#### Material supplied

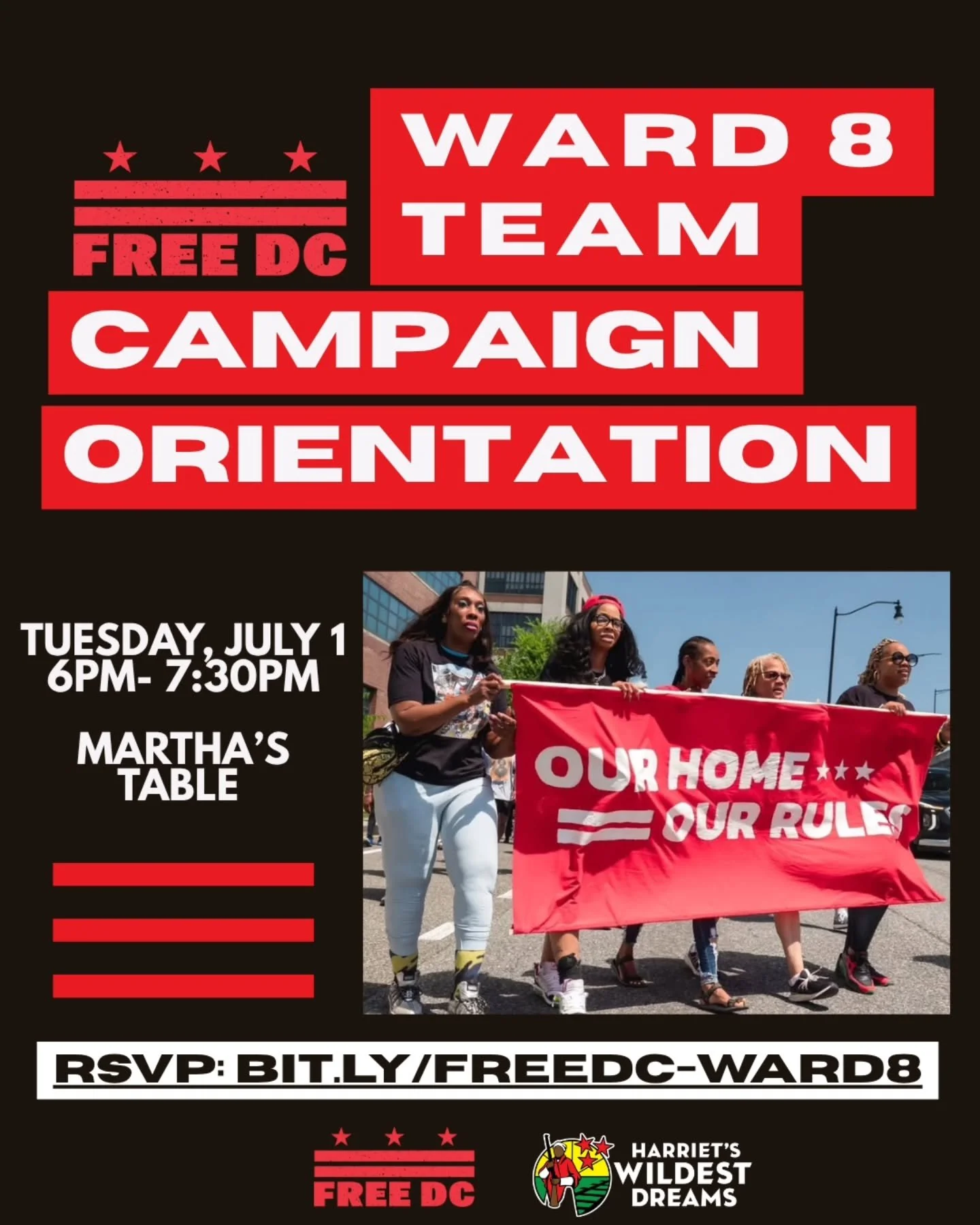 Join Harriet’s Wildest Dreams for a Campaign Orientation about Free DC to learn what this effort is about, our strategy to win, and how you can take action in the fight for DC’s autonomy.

########
#### Material supplied

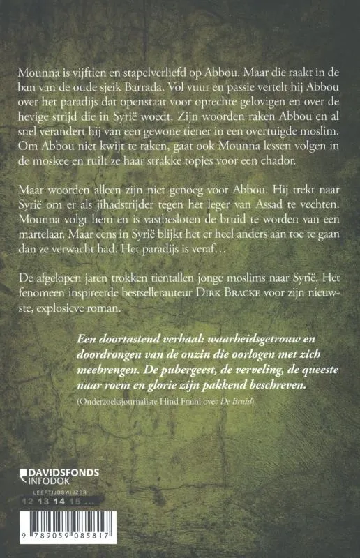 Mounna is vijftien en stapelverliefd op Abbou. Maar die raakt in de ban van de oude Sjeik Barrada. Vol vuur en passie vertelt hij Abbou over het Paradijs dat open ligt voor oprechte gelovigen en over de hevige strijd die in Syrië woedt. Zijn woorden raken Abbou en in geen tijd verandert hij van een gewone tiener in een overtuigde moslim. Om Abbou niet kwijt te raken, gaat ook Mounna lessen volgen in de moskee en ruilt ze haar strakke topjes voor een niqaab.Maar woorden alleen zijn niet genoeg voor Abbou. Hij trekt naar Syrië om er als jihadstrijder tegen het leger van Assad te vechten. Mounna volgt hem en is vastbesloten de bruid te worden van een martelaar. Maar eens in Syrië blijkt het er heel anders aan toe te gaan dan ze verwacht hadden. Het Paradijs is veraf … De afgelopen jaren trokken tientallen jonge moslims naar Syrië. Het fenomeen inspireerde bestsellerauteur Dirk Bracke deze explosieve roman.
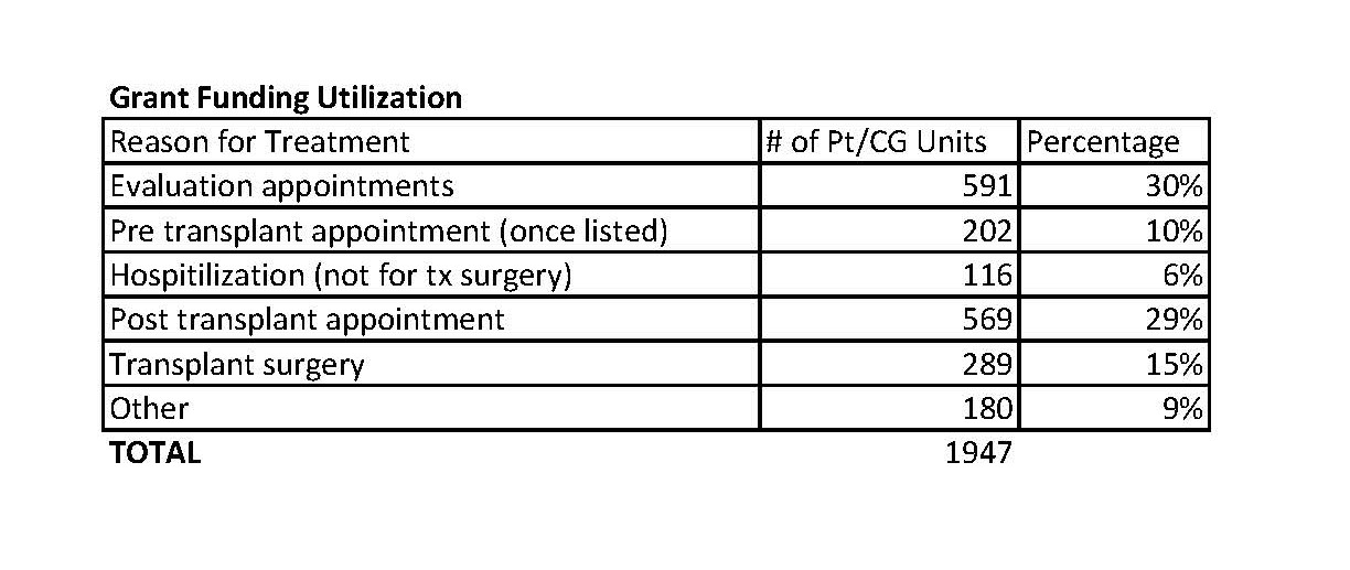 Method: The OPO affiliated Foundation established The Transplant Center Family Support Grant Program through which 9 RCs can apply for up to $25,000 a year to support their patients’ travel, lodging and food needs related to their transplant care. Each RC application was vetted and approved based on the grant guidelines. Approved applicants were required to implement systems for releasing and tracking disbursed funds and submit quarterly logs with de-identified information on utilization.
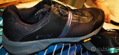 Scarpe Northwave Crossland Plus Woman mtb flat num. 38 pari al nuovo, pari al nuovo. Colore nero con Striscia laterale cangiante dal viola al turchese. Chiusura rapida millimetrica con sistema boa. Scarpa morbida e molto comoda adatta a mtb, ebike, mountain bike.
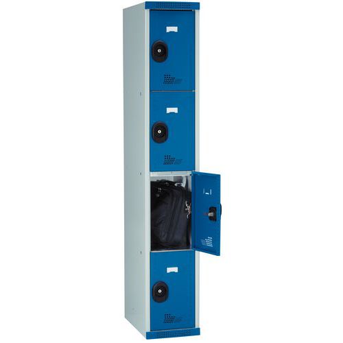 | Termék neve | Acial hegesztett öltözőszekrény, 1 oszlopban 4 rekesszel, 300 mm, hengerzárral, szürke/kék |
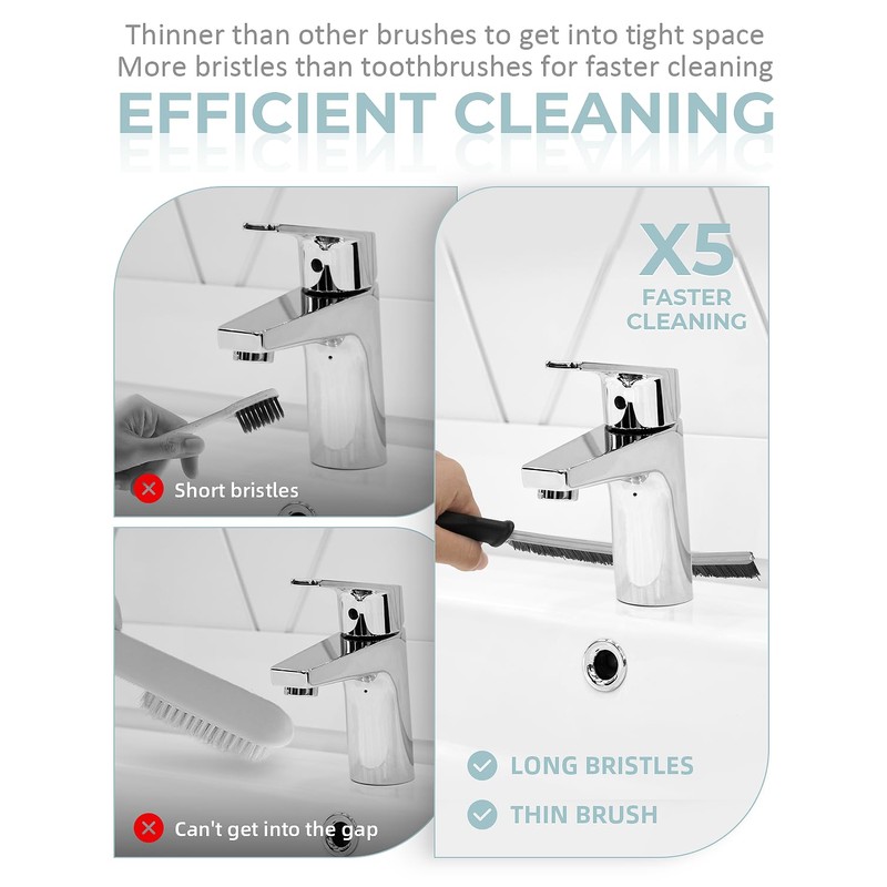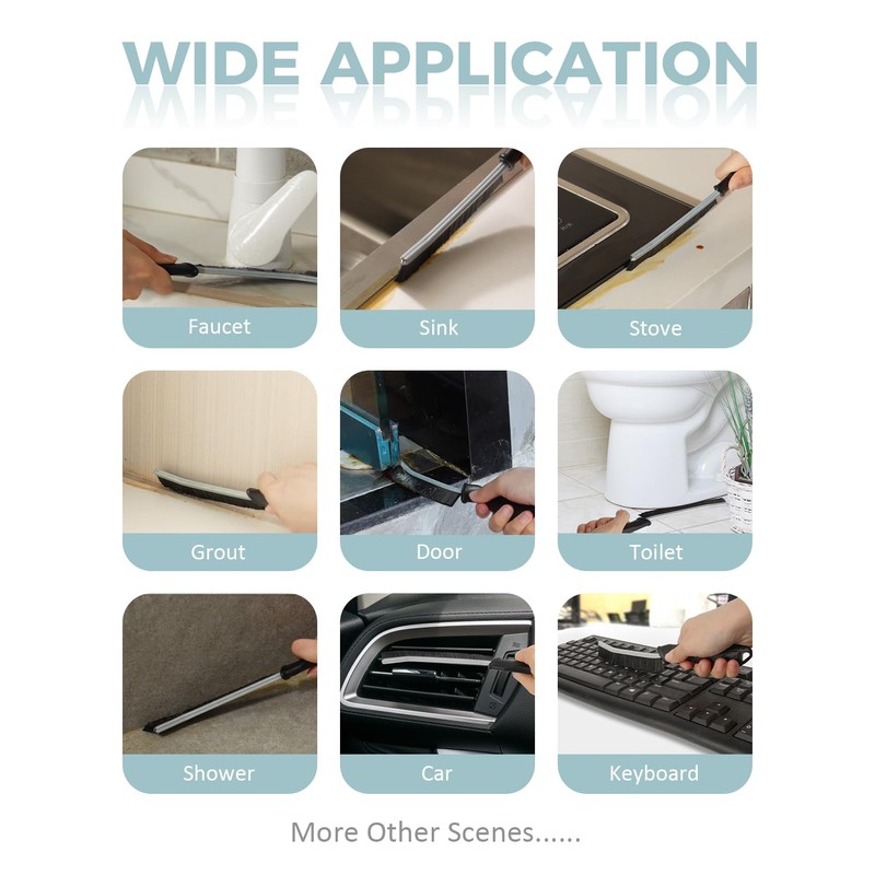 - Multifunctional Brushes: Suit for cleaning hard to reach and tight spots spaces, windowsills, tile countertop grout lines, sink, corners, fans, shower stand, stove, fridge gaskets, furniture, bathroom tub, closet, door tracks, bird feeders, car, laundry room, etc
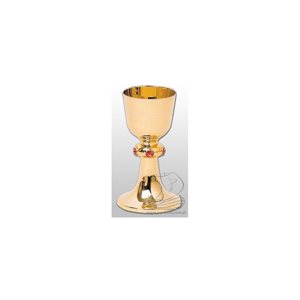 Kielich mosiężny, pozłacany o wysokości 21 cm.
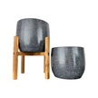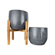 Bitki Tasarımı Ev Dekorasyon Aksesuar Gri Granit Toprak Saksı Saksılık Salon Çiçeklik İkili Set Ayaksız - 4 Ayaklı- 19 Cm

########

▸ **Goal of the exercise**:
The lines to set down run from the line with "hengerzárral, szürke/kék |" up to and including the line with "Bitki Tasarımı Ev" in the entries above. Reproduce them exactly, with no pictures.

▸ **Result**:
 | Termék neve | Acial hegesztett öltözőszekrény, 1 oszlopban 4 rekesszel, 300 mm, hengerzárral, szürke/kék |
 - Multifunctional Brushes: Suit for cleaning hard to reach and tight spots spaces, windowsills, tile countertop grout lines, sink, corners, fans, shower stand, stove, fridge gaskets, furniture, bathroom tub, closet, door tracks, bird feeders, car, laundry room, etc
 Kielich mosiężny, pozłacany o wysokości 21 cm.
 Bitki Tasarımı Ev Dekorasyon Aksesuar Gri Granit Toprak Saksı Saksılık Salon Çiçeklik İkili Set Ayaksız - 4 Ayaklı- 19 Cm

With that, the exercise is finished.